The father of murdered TV journalist Alison Parker called Thursday for federal lawmakers to take action on gun control.
"We have to do whatever it takes to fix this problem," Andy Parker, whose daughter Alison was killed on live TV while she conducted an interview last month, said at a Washington, D.C., rally, the New York Daily News reported
. "I know that weakening the stranglehold of the gun lobby won't happen overnight. I know, too, that passing background check laws won't prevent all acts of gun violence from taking place."
"But we must keep the pressure on our lawmakers until they do the right thing. And if they won't, find their replacement," he continued.
Parker was one of several family members who spoke about the impact of gun violence at a rally organized by Everytown for Gun Safety in America. The group, which is connected to former New York City Mayor Michael Bloomberg, organizes Americans to end gun violence, its Facebook page said.
Virginia Gov.

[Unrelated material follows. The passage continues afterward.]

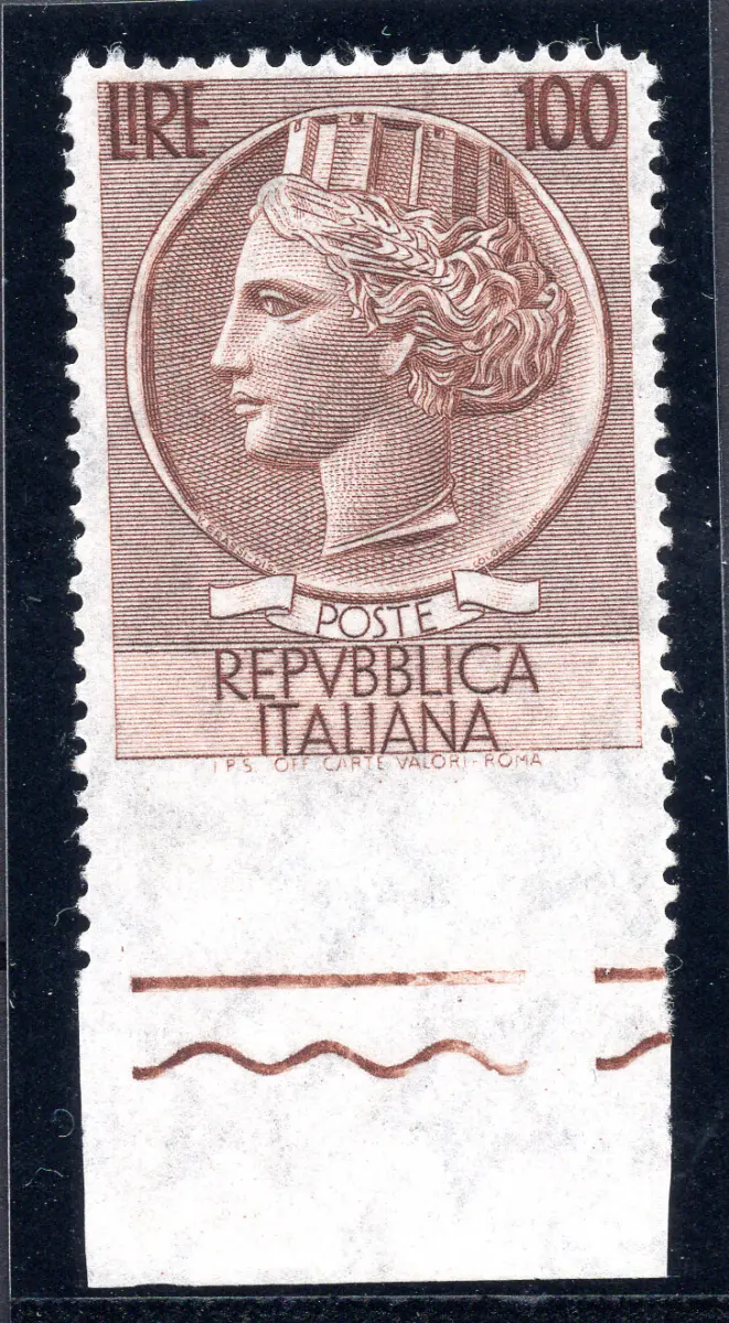 Siracusana Lire 100 stelle II dent. 13,1/4 nicht gezahnt. Unten Vollgummi - Syrakus Lire 100 Sterne II Verzahnung 13,1/4 Nr. 785/Ic unten ungezähnt b. von f. integral - Kat. euro 600 Cod. 645/13

Terry McAuliffe also spoke at the rally, and the News quoted him as saying that he was "sick and tired of gutless politicians who are scared" of the NRA. "It is time to act," the Democrat said.
WDBJ, the Virginia station where Alison Parker
worked when she and cameraman Adam Ward were killed, said Andy Parker has been speaking out for tougher gun control laws ever since his daughter died.
"The overwhelming majority of Americans agree with commonsense reforms," WDBJ quoted Parker as saying at the rally.